Plowmanianthus

Scientific classification
- Kingdom: Plantae
- Clade: Tracheophytes
- Clade: Angiosperms
- Clade: Monocots
- Clade: Commelinids
- Order: Commelinales
- Family: Commelinaceae
- Subfamily: Commelinoideae
- Tribe: Tradescantieae
- Subtribe: Dichorisandrinae
- Genus: Plowmanianthus Faden & C.R.Hardy
- Species: Plowmanianthus dressleri Faden & C.R.Hardy; Plowmanianthus grandifolius Faden & C.R.Hardy; Plowmanianthus panamensis Faden & C.R.Hardy; Plowmanianthus perforans Faden & C.R.Hardy; Plowmanianthus peruvianus C.R.Hardy & Faden;

= Plowmanianthus =

Genus of flowering plants

Plowmanianthus Faden & C.R.Hardy is a genus of plants with 5 species and 2 subspecies in the family Commelinaceae (the spiderwort and dayflower family). The genus is distributed from Panama to Amazonian Peru and Brazil.

==Systematics & Distributions==
Plowmanianthus is a member of the subtribe Dichorisandrinae of the tribe Tradescantieae of the flowering plant family Commelinaceae. It has 5 species and 2 subspecies, all of which were described with the circumscription of the genus itself by Hardy and Faden (2004). Proceeding from the north to south and southeast of the genus's distribution, the taxa are as follows.

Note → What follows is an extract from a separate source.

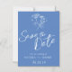 Simples casamento de desenho botânico, salvar o convite de data em azul e branco. Edite esta opção para salvar o cartão de casamento de data com seus próprios nomes e data. Desenho único de design e flor de mão original de Sarah Trett somente para www.mylittleedenweddings.com Você dá suporte ao artista original diretamente quando compra este produto.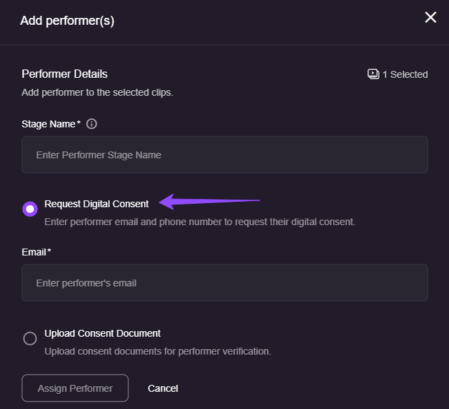 Wenn du deine Clips hochlädst und hinzufügst oder auf der Registerkarte „Aktion erforderlich“ die Massenaktion „Darsteller hinzufügen“ auswählst, kannst du entweder Darsteller-Dokumente hochladen oder die digitale Einwilligung direkt von den Darstellern anfordern. Befolge dazu einfach die folgenden Schritte:

- Plowmanianthus dressleri is endemic to Panama, west of the Canal Zone.
- Plowmanianthus panamensis is endemic to Panama, east of the Canal Zone.
- Plowmanianthus grandifolius is native to Amazonian Ecuador, northern Amazonian Peru, and western Brazil. It consists of two subspecies.
  - P. grandifolius ssp. grandifolius is native to northern Amazonian Peru and western Brazil;
  - P. grandifolius ssp. robustus C.R.Hardy & Faden is native to Amazonian Ecuador and northern Amazonian Peru.
- Plowmanianthus peruvianaus is native to northern Amazonian Peru.
- Plowmanianthus perforans is native to southern Amazonian Peru.

==Taxonomy==
The genus is named in honor of Timothy Plowman (1944–1989), an American ethnobotanist best known for his intensive work over the course of 15 years on the genus Erythroxylum, and the cultivated coca species in particular. It was first described and published in Syst. Bot. Vol.29 on page 316 in 2004.

==Morphology==
Rosette, typically unbranched herbs with somewhat succulent, strap-shaped leaves. In the wild, plants grow on the floor of primary rainforests, shallowly rooted in the humus-rich and leaf-litter layers.

Plowmanianthus resembles its close relative, the epiphytic genus Cochliostema, but is smaller (its leaves reach only to ca. 30 cm in length) and is not epiphytic. Its flowers are also much smaller, lack the spirally coiled anthers of Cochliostema, and are usually cleistogamous (i.e., they usually never open).

==Other sources==
- Hardy CR, RB Faden (2004) Plowmanianthus, a new genus of Commelinaceae with five new species from tropical America. Systematic Botany 29 (2): 316–333.
- Hardy CR, JI Davis, DW Stevenson (2004) Floral organogenesis in Plowmanianthus (Commelinaceae). International Journal of Plant Sciences 165 (4): 511–519.